◆ **About this exercise**
Starting at the line with "Kaksi ihmistä nauttimassa" and going on through the line with "Add elegance and", reproduce each line in the records below exactly and nothing more.

◆ **Stored items**
---
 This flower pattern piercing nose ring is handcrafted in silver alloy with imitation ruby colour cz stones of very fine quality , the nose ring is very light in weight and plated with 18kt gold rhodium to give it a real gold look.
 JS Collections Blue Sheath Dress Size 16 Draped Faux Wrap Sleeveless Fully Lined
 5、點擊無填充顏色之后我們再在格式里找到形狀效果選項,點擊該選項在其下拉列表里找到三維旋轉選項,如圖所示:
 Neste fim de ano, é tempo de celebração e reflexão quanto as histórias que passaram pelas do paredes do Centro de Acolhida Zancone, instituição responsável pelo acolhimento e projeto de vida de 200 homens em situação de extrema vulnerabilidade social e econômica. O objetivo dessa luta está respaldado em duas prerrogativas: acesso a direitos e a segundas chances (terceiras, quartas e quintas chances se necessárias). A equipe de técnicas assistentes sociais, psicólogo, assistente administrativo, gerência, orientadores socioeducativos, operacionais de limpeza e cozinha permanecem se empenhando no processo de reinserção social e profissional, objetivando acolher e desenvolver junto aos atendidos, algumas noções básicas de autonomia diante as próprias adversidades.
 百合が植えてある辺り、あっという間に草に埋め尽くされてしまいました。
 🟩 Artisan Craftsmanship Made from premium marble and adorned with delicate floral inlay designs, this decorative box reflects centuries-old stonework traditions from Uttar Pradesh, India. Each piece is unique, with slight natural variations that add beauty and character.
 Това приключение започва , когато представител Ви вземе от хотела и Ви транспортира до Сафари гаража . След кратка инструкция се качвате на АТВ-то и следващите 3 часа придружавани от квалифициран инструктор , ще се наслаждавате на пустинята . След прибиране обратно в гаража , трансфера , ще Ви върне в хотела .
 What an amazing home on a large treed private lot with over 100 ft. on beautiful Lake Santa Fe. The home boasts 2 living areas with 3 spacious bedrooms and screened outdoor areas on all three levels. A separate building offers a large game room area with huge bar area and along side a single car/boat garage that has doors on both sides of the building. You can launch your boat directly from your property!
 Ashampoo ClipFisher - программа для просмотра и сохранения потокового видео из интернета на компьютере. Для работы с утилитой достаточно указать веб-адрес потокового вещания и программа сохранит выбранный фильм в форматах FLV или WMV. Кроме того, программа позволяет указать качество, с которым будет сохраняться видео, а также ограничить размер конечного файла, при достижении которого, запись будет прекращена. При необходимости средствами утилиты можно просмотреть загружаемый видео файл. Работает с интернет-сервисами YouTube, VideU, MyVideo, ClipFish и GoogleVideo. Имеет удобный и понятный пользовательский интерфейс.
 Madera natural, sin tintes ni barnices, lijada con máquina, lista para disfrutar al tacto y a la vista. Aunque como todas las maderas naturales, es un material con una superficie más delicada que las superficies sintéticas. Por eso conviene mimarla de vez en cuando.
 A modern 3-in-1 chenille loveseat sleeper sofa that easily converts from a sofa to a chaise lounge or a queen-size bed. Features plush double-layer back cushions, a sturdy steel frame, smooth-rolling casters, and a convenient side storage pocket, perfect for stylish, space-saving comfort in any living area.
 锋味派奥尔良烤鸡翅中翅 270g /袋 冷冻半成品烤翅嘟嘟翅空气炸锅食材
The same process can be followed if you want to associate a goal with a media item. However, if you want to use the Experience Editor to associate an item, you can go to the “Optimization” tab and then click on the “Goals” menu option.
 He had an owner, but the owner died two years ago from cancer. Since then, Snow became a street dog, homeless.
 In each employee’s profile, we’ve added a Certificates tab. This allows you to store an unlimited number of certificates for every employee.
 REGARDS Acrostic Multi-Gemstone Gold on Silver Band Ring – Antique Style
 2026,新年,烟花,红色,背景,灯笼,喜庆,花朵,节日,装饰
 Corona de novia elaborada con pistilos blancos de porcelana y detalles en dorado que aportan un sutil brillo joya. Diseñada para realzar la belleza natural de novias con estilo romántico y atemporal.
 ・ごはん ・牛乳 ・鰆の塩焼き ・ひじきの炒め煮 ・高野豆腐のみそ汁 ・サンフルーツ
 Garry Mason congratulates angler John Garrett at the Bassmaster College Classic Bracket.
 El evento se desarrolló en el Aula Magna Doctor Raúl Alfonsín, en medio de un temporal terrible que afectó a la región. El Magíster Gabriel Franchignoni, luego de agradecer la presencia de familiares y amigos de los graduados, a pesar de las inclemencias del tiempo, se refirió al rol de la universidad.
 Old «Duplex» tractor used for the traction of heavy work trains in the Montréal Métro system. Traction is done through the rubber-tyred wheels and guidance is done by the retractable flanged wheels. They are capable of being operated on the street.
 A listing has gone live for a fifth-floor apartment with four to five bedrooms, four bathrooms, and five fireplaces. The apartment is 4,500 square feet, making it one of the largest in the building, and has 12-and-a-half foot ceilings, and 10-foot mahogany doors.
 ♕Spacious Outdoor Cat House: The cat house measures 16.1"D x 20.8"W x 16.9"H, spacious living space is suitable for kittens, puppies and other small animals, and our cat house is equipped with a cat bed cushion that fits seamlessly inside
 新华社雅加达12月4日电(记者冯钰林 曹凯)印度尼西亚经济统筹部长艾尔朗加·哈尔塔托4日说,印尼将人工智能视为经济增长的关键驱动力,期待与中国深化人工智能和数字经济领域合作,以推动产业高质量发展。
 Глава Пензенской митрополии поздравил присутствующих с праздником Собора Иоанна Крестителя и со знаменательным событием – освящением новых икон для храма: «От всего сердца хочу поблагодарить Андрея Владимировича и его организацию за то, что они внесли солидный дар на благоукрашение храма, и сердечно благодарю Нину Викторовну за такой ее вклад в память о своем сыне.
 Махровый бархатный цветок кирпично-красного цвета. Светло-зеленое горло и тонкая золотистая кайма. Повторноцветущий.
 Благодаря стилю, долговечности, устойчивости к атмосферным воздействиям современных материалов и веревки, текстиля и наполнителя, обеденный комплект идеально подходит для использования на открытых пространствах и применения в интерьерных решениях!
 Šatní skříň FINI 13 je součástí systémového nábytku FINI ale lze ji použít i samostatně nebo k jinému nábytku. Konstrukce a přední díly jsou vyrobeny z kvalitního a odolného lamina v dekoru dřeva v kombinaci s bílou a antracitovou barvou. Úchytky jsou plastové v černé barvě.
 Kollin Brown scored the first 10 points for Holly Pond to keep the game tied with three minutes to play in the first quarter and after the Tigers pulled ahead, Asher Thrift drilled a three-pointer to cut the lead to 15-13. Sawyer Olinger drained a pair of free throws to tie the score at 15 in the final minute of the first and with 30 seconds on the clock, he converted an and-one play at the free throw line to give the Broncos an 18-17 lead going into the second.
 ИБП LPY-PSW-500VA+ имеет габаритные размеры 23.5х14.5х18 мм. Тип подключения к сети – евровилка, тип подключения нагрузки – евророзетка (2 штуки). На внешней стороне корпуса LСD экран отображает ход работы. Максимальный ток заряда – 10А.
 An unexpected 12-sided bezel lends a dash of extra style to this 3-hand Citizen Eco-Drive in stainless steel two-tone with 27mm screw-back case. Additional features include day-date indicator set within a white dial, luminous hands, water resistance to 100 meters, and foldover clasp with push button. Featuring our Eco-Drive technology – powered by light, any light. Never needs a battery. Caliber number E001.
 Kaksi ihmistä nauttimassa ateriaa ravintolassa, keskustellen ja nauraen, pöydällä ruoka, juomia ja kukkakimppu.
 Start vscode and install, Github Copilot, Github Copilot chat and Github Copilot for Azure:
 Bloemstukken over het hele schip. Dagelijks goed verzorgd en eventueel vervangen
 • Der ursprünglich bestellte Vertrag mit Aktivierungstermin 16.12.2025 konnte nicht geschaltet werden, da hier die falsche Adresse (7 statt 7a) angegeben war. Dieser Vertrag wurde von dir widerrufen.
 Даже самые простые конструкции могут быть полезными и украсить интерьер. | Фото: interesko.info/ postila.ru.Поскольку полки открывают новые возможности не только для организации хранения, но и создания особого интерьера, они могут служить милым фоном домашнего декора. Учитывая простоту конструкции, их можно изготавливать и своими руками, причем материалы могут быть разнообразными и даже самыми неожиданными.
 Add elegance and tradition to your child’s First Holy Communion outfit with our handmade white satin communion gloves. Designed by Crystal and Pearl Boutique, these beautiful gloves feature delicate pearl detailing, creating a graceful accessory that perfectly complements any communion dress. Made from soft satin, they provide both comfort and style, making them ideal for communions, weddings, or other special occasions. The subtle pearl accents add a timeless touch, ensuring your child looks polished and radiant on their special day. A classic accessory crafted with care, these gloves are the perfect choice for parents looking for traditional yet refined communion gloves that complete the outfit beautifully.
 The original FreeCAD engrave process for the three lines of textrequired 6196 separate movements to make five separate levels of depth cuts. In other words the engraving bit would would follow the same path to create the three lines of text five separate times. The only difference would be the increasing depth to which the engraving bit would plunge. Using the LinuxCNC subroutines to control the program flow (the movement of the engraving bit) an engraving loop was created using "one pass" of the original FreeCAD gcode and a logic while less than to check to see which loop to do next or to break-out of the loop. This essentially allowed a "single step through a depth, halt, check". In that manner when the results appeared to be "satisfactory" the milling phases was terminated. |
---
◆ **Output of the exercise**
 Kaksi ihmistä nauttimassa ateriaa ravintolassa, keskustellen ja nauraen, pöydällä ruoka, juomia ja kukkakimppu.
 Start vscode and install, Github Copilot, Github Copilot chat and Github Copilot for Azure:
 Bloemstukken over het hele schip. Dagelijks goed verzorgd en eventueel vervangen
 • Der ursprünglich bestellte Vertrag mit Aktivierungstermin 16.12.2025 konnte nicht geschaltet werden, da hier die falsche Adresse (7 statt 7a) angegeben war. Dieser Vertrag wurde von dir widerrufen.
 Даже самые простые конструкции могут быть полезными и украсить интерьер. | Фото: interesko.info/ postila.ru.Поскольку полки открывают новые возможности не только для организации хранения, но и создания особого интерьера, они могут служить милым фоном домашнего декора. Учитывая простоту конструкции, их можно изготавливать и своими руками, причем материалы могут быть разнообразными и даже самыми неожиданными.
 Add elegance and tradition to your child’s First Holy Communion outfit with our handmade white satin communion gloves. Designed by Crystal and Pearl Boutique, these beautiful gloves feature delicate pearl detailing, creating a graceful accessory that perfectly complements any communion dress. Made from soft satin, they provide both comfort and style, making them ideal for communions, weddings, or other special occasions. The subtle pearl accents add a timeless touch, ensuring your child looks polished and radiant on their special day. A classic accessory crafted with care, these gloves are the perfect choice for parents looking for traditional yet refined communion gloves that complete the outfit beautifully.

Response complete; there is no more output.